Task -> Copy nothing but the lines below, from the one with "Мэр Иваново Александр" through the one with "(주) 향공장 - 향공장작성자한국수입협회작성일2025.07.25", exactly as written; no pictures should appear.

Data shown ->
━━━━━━━━━━

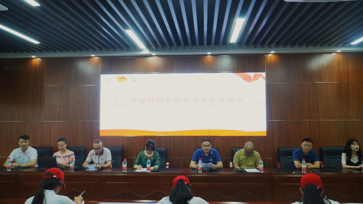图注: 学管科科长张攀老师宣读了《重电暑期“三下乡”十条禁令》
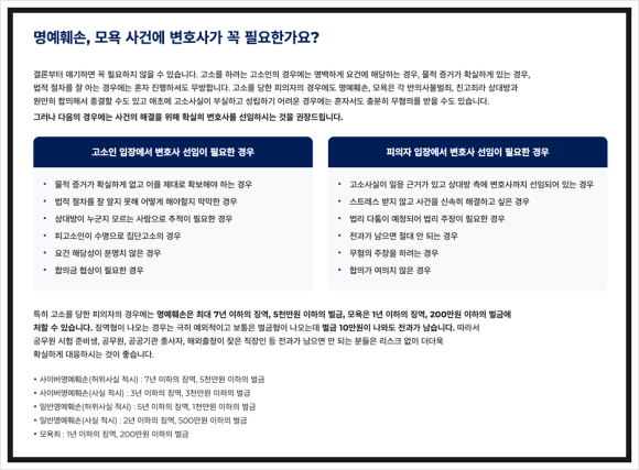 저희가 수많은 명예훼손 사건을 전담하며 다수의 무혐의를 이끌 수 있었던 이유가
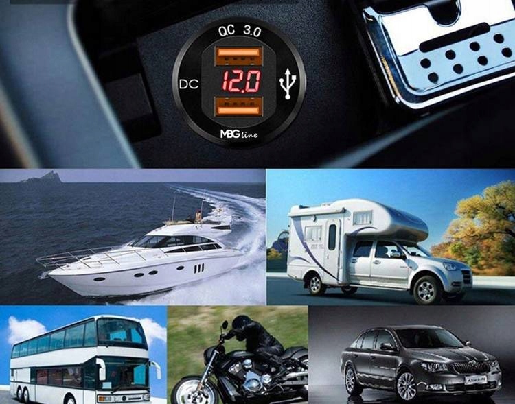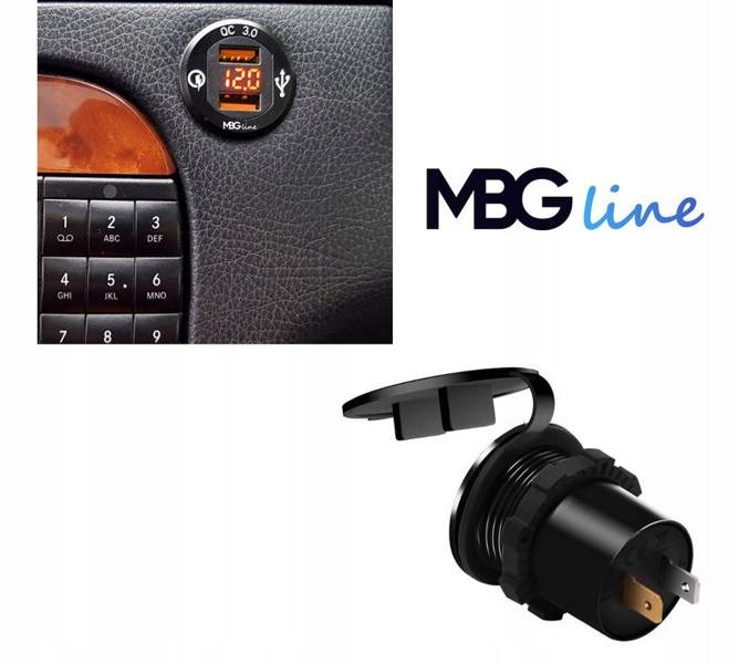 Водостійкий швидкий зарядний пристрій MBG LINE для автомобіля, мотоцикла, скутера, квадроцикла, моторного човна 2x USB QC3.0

━━━━━━━━━━

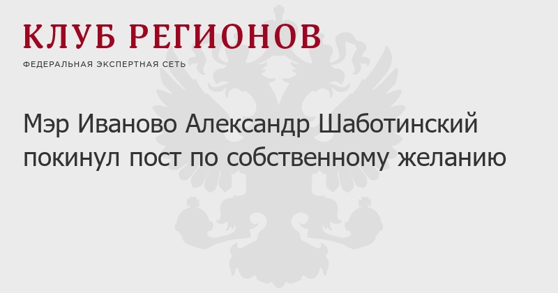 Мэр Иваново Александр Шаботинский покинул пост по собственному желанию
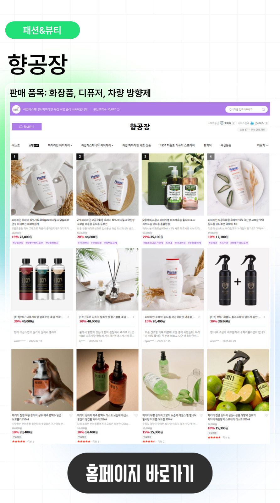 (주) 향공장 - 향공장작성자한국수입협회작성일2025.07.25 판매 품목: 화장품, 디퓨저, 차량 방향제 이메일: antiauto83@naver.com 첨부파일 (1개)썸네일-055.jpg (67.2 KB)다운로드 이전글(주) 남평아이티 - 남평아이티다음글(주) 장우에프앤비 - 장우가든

━━━━━━━━━━

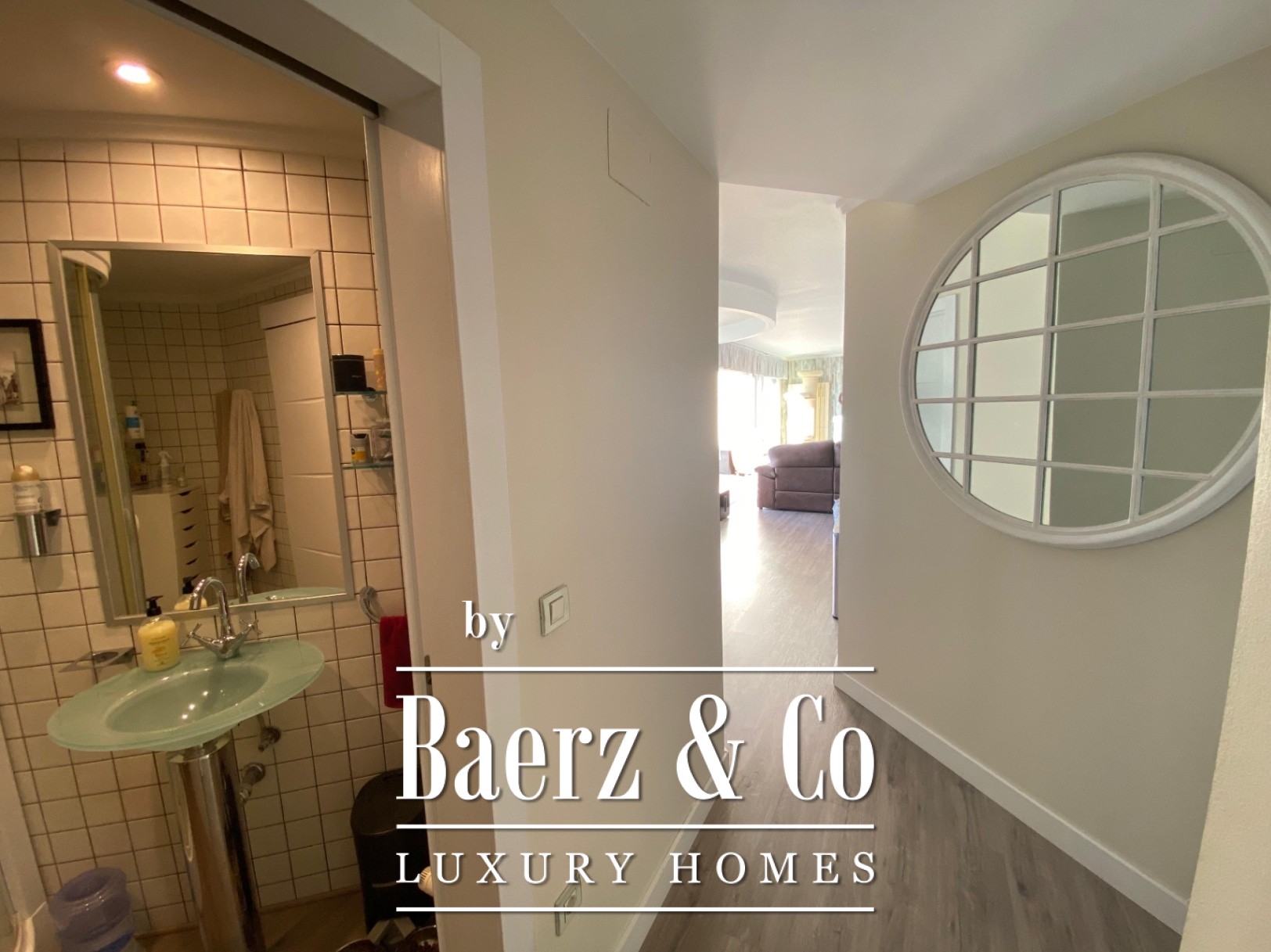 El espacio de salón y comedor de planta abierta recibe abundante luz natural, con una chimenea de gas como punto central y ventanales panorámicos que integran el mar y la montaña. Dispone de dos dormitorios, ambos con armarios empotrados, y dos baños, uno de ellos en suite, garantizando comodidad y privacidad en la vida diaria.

━━━━━━━━━━

Expected output ->
 Мэр Иваново Александр Шаботинский покинул пост по собственному желанию
 (주) 향공장 - 향공장작성자한국수입협회작성일2025.07.25 판매 품목: 화장품, 디퓨저, 차량 방향제 이메일: antiauto83@naver.com 첨부파일 (1개)썸네일-055.jpg (67.2 KB)다운로드 이전글(주) 남평아이티 - 남평아이티다음글(주) 장우에프앤비 - 장우가든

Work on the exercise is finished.